• [Directions for this task]: Using the records below, copy exactly the part that opens with the line holding "The author approaches" and closes with the line holding "Pearl Paved Shell", minus the pictures.

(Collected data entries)
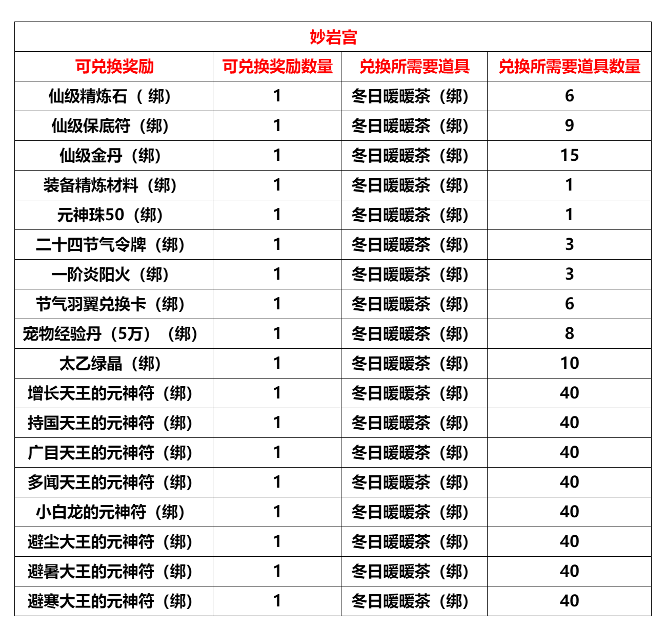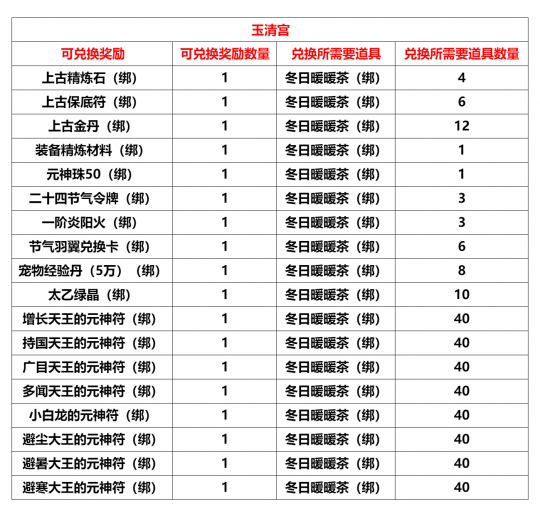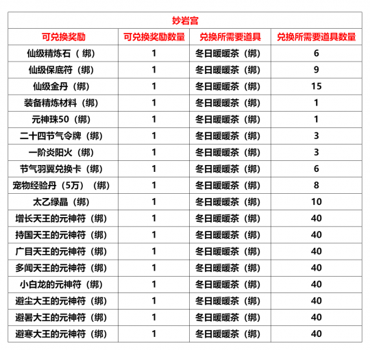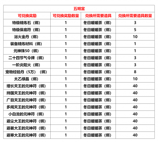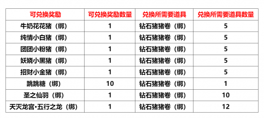 “妙岩宫”、"玉清宫"、“五明宫”,将于2025年11月10日10:00进行例行维护更新,预计更新维护时间4小时,请各位玩家互相转告提前下线。感谢大家对我们工作的支持! 竞技场第十四赛季将于2025年11月10日开启,开启后个人积分与战队积分将重置,请及时兑换相关道具。 【内容调整】 妙岩宫/玉清宫/五明宫: 1.新增任务“双十一的钻石猪” 活动等级:70级活动NPC:刷刷宝贝(133,4699 盘丝洞铁扇妹妹附近)注:该任务仅限职业“济世医仙”、“菩提尊者”可接取注:原任务这两个职业仍可接取任务内容:对目标钻石猪造成伤害200000任务奖励:三阶炎阳火(绑)*3,钻石猪猪卷(绑)*1 玉清宫: 1. 世界BOSS“天龙上仙”必掉【月恋晶】活动结束,【月恋晶】调整为概率掉落 五明宫: 五明宫巅峰势力福利: CDK:维护后开放内含:二阶炎阳火(绑)*100、欧冶子残篇(绑)*50、高级装备精炼材料(绑)*20、修炼一下(绑)*20使用时间:2025年11月10日更新维护后~2025年12月31日23:59 1.开放巅峰等级1级,开启三星斜月洞NPC灵灯道人,可以通过完成该NPC任务前往北俱芦州,开放北俱芦州相关NPC2. 开放势力等级4级3. 开放天竺国NPC布袋和尚,可以通过完成该NPC日常任务获得21级、22级技能书 4.开放四季林NPC“节气神翼使”兑换: 节气羽翼兑换卡(绑):(1)抢亲预备战“抢亲宝箱”打开之后,可概率获得“节气羽翼兑换卡(绑)” (2)BOSS? 小魔王、小喽啰、疯狂小象本次更新新增“节气羽翼兑换卡(绑)”的掉落(掉落同步玉清宫) 小暑节气羽翼:收集后可获得属性:物理伤害吸收+600、对首领伤害+5%大暑节气羽翼:收集后可获得属性:法术伤害吸收+450、对首领伤害+5% 立秋节气羽翼:收集后可获得属性:物理攻击+100、法术攻击+100处暑节气羽翼:收集后可获得属性:物理攻击+100、法术攻击+100 5. 副本加码活动NPC“突然出现”增加兑换: 【节气羽翼兑换卡(绑)*1】需要兑换道具【冬日暖暖茶(绑)*6】 【商城相关】 限时折扣: 妙岩宫/玉清宫/五明宫: 一等起星灵晶??售价:400元宝(原价:800元宝)一等升灵法石??售价:400元宝(原价:500元宝) 【BUG修复】 1. 妙岩宫修复副本“舍卫国、大战玉兔精”Boss斗战节副本豪华宝箱(绑)掉落异常的问题(副本“舍卫国”部分BOSS缺少掉落2宝箱,本周将掉落4。副本“大战玉兔精”部分BOSS缺少掉落3宝箱,本周将掉落6) 2.?妙岩宫NPC泯剑增加“高级饰品符语兑换”,部分异常“高级防具符语兑换”将于11月17日更新维护后关闭 【当前活动】 活动一:立冬节气活动(日常)任务1、有点冷,不想起床(日常)活动时间:2025年11月3日维护后至2025年11月17日维护前活动NPC:怕冷喜欢床(长安广场:2524,775)活动内容:对其他玩家使用道具【棉被】1次(日常任务)活动奖励:节气羽翼兑换卡(绑)*1、装备精炼材料(绑)*2棉被:需要完成任务【每日被窝】获取任务2、每日被窝(日常)?活动时间:2025年11月3日维护后至2025年11月17日维护前活动NPC:怕冷喜欢床(长安广场:2524,775)活动内容:每日活跃点到达150后,即可完成日常任务(日常任务)活动奖励:二十四节气令牌(绑)*1、二阶炎阳火(绑)*1、棉被(绑)*1 活动二:PVP活动节:双十一的钻石猪【日常】 活动时间:2025年11月3日维护后-2025年11月17日维护前活动等级:70级活动NPC:刷刷宝贝(133,4699 盘丝洞铁扇妹妹附近)活动内容:前往盘丝洞门口(319,4592)、盘丝洞树旁(453,4562)、盘丝洞(272,4399)对战钻石猪(造成指定数量伤害)(每日21:30~22:59在1线出现,共计出现3只),完成后到“刷刷宝贝”处提交任务。 妙岩宫:对目标“钻石猪”造成12000000点伤害 玉清宫/五明宫:对目标“钻石猪”造成2000000点伤害 小心钻石猪猪对你施法,让你变身哦! 提示:钻石猪战力不俗,建议合理搭配【组队】或者【团队】阵容后,前往挑战!提示:组队和团队模式下皆可完成任务提示:钻石猪处于盘丝洞口附近,每日仅在21:30~22:59分的1线出现,要小心!提示:BOSS复活时间很快,不要急,继续攻击!任务奖励:三阶炎阳火(绑) *3、钻石猪猪卷(绑)*1 【钻石猪猪卷(绑)】可在NPC“刷刷宝贝”处兑换: 钻石猪猪卷(绑):VIP商城上架1000元宝?限购5个 天灭龙宫·五行之龙(绑):1% 天灭龙宫·五行之龙元神符养成属性如下: 活动二:十一月PVP斗战节福利CDK福利CDK:CM115A01251103LJXTHCA9 使用时间:11月3日更新维护后~11月30日23:59内含:回复药水(绑)*50、完美修理宝石(绑)*50、丹书铁券(绑)*50、PVP活动节(绑)*1 活动三:PVP活动节:挑战副本 活动时间:2025年11月3日维护后-2025年11月17日维护前 活动内容:玩家可通过击败以下副本BOSS获得道具“斗战节副本豪华宝箱(绑)”,本宝箱只能在状态“PVP活动节”之下才可以打开 注:状态“PVP活动节”可通过使用十一月PVP斗战节福利CDK中道具【PVP活动节(绑)】获得 活动副本:妙岩宫:金顶观、舍卫国、大战玉兔精、青狮五脏玉清宫:波月洞、青狮五脏五明宫:英雄魂降真君殿、青狮五脏"斗战节副本豪华宝箱:开启礼包可获得以下道具之一妙岩宫:二阶炎阳火(绑)*2、三阶炎阳火(绑)*1、二阶玄阴水(绑)*1、三阶玄阴水(绑)*1、仙级精炼石(绑)*1、仙级保底符(绑)*1、幻界紫晶碎片(绑)*2、幻界紫晶碎片(绑)*1、幻界紫晶(绑)*1、原木树枝*1、仙阶防具勋章(概率较低)、仙阶武器勋章(概率较低) 玉清宫:皎洁的皓月之光*1、皎洁的皓月之光*2、皓月之光(绑)*1、皓月之光(绑)*2、二阶炎阳火(绑)*2、二阶玄阴水(绑)*1、上古保底符(绑)*1、上古精炼石(绑)*1、月恋晶*1(概率较低)、太上老君的柴
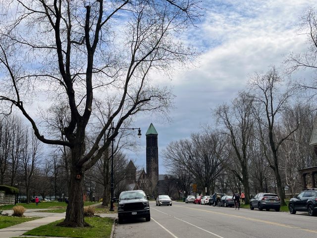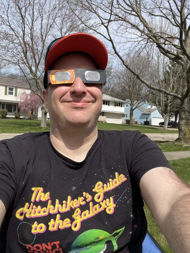 The day started cloudy, as is typical in early April here. With one hour to go, I chatted with Donald Blank. He was filming an eclipse time-lapse as part of a larger documentary on Buffalo: its incredible history, dire poverty, heroes, mistakes, everything. The shot he wanted had the First Presbyterian Church, with its grand spire and Tiffany windows, in the frame. A 200-year-old stone church adds a certain context to a solar event many of us humans will never see again.
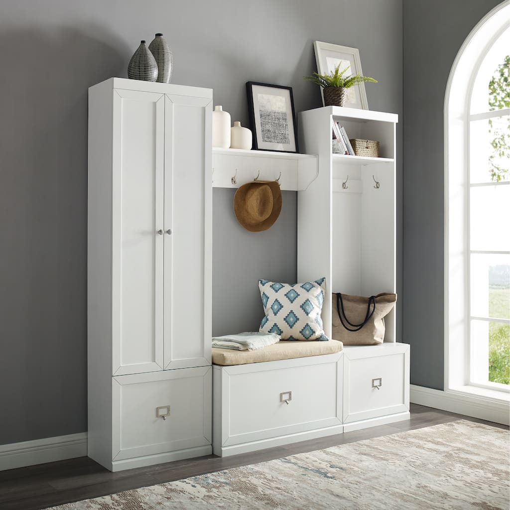 Take your home organization to the next level with the Harper 3pc Entryway Set. Comprised of two pantry closets flanking either side of a hall tree, this set is a multi-functional dream. The hall tree offers open hanging storage with four large double hooks plus an open-top shelf to tuck small storage baskets. Each pantry closet houses three adjustable and removable shelves that can adapt to a variety of storage needs. When you remove the shelves you can install the large double hooks for hanging storage. Both the hall tree and pantry closets feature large full-extension storage drawers with label holder hardware that can be customized with personal labels. The Harper 3pc Entryway Set can pair modularly with other items in the collection and create the look of genuine built-in storage. - Modern design - White finish - Each pantry closet has one stationary shelf and three adjustable/removable shelves - Each pantry closet has three large double hooks in a polished nickel finish - Each pantry closet cabinet has double doors with concealed hinges and polished nickel hardware - Each pantry closet and hall tree has a full-extension storage drawer with label holder hardware, labels not included - Label holder hardware fits labels up to 2" x 1.25" - Hall tree has four double hooks in a polished nickel finish - Hall tree has a stationary upper shelf - All pieces are modular to maximize space and flexibility
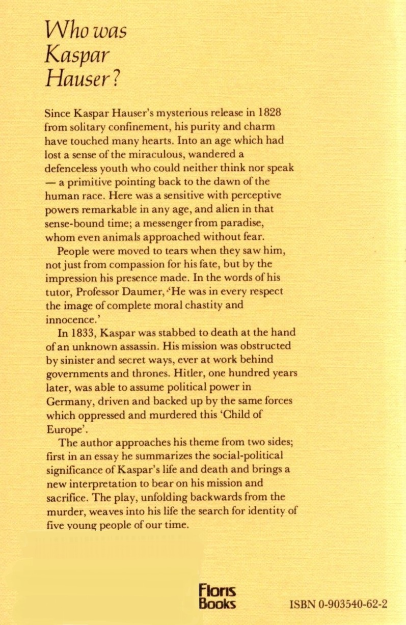 The author approaches this theme from two sides; first in an essay that summarizes the social-political significates of Kaspar’s life and death and brings a new interpretation to bear on his mission and sacrifice. The play, unfolding backwards from the murder, weaves into his life the search for identity of five young people of our time.
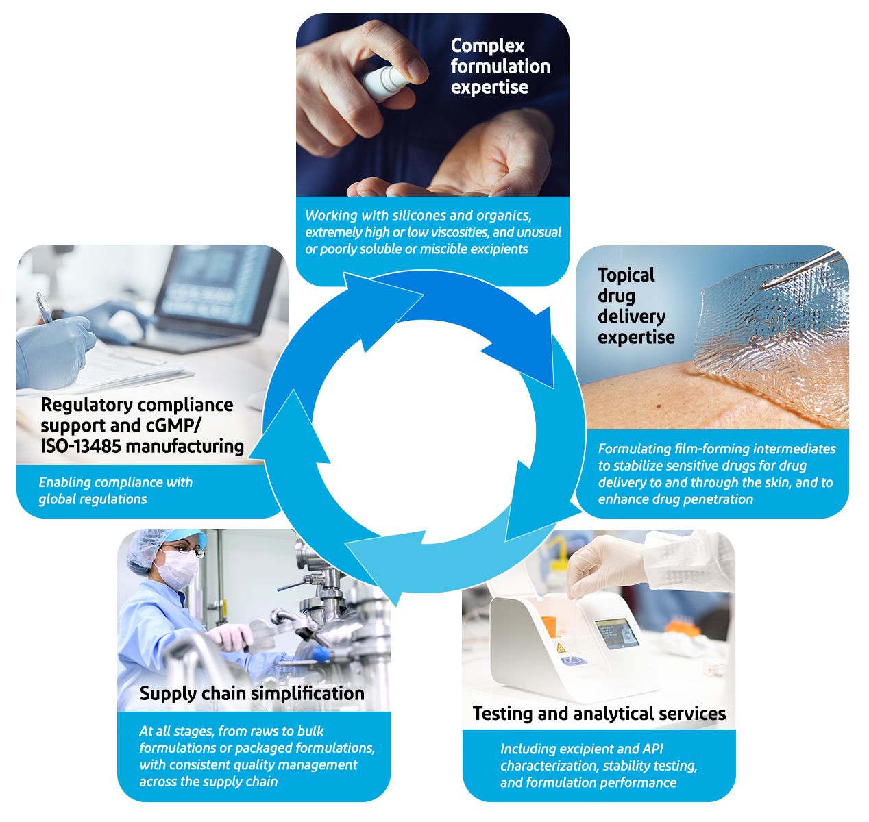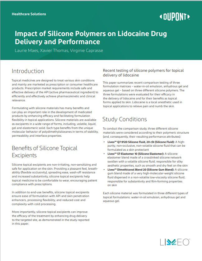 Formulations with silicone material offer various dosage forms and textures; they also provide efficient drug delivery, proven aesthetics, functional film characteristics and long-lasting effects that are well-adapted for different skin diseases. In terms of patients’ compliance with treatment, the optimized efficiency of drug delivery and the behavior of silicone-containing formulations on skin can lead to better perceived efficacy and a more pleasant sensory feel, encouraging greater compliance.
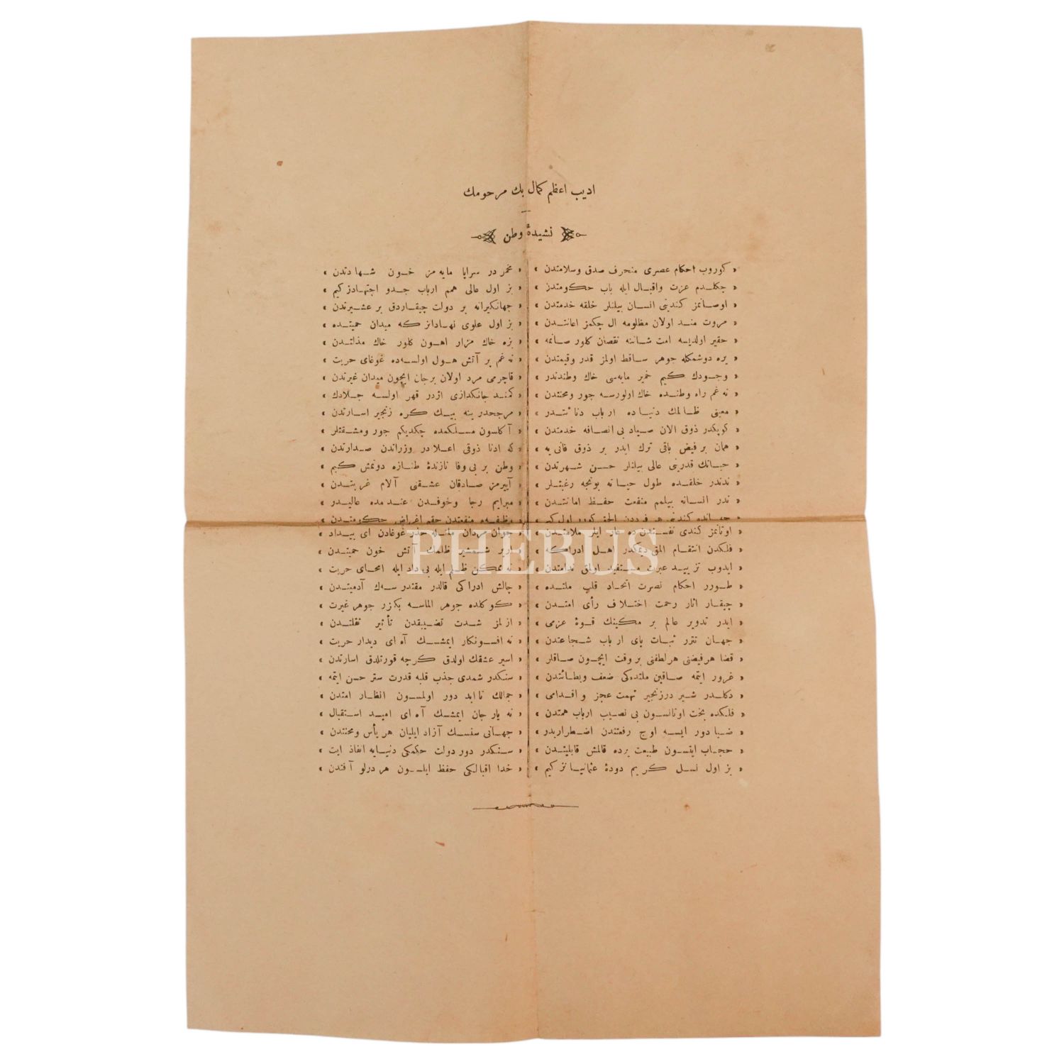 Namık Kemal´in "Neşide-i Vatan" başlıklı şiiri, 26x38 cm...
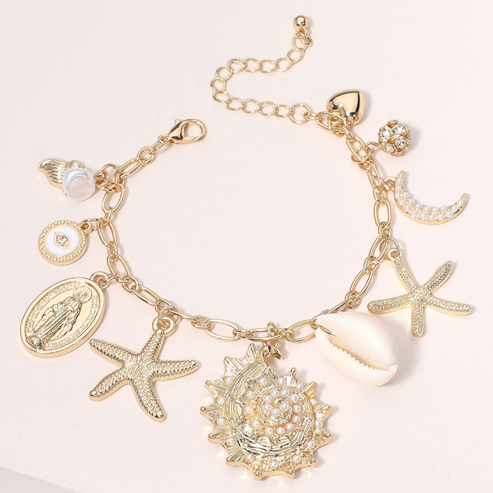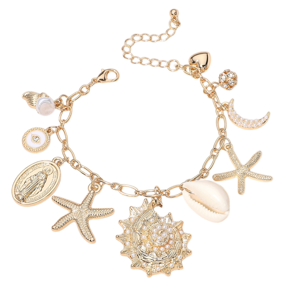 Pearl Paved Shell Crescent Metal Starfish Heart Evil Eye Virgin Mary Charm Station Bracelet
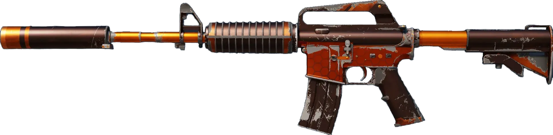 With a smaller magazine than its unmuffled counterpart, the silenced M4A1 provides quieter shots with less recoil and better accuracy. It has been anodized black and orange.
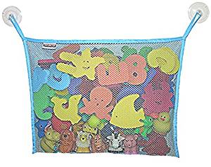 番外編!水遊びおもちゃを収納できるネットをご紹介します。水遊びに使ったおもちゃを放置していると、ヌルヌルになっていた!なんてことがよくあります。この収納ネットに入れてお風呂場に下げておけば、いつでも清潔な状態で遊ぶことができますよ。

• [Answer to the problem]:
 The author approaches this theme from two sides; first in an essay that summarizes the social-political significates of Kaspar’s life and death and brings a new interpretation to bear on his mission and sacrifice. The play, unfolding backwards from the murder, weaves into his life the search for identity of five young people of our time.
 Formulations with silicone material offer various dosage forms and textures; they also provide efficient drug delivery, proven aesthetics, functional film characteristics and long-lasting effects that are well-adapted for different skin diseases. In terms of patients’ compliance with treatment, the optimized efficiency of drug delivery and the behavior of silicone-containing formulations on skin can lead to better perceived efficacy and a more pleasant sensory feel, encouraging greater compliance.
 Namık Kemal´in "Neşide-i Vatan" başlıklı şiiri, 26x38 cm...
 Pearl Paved Shell Crescent Metal Starfish Heart Evil Eye Virgin Mary Charm Station Bracelet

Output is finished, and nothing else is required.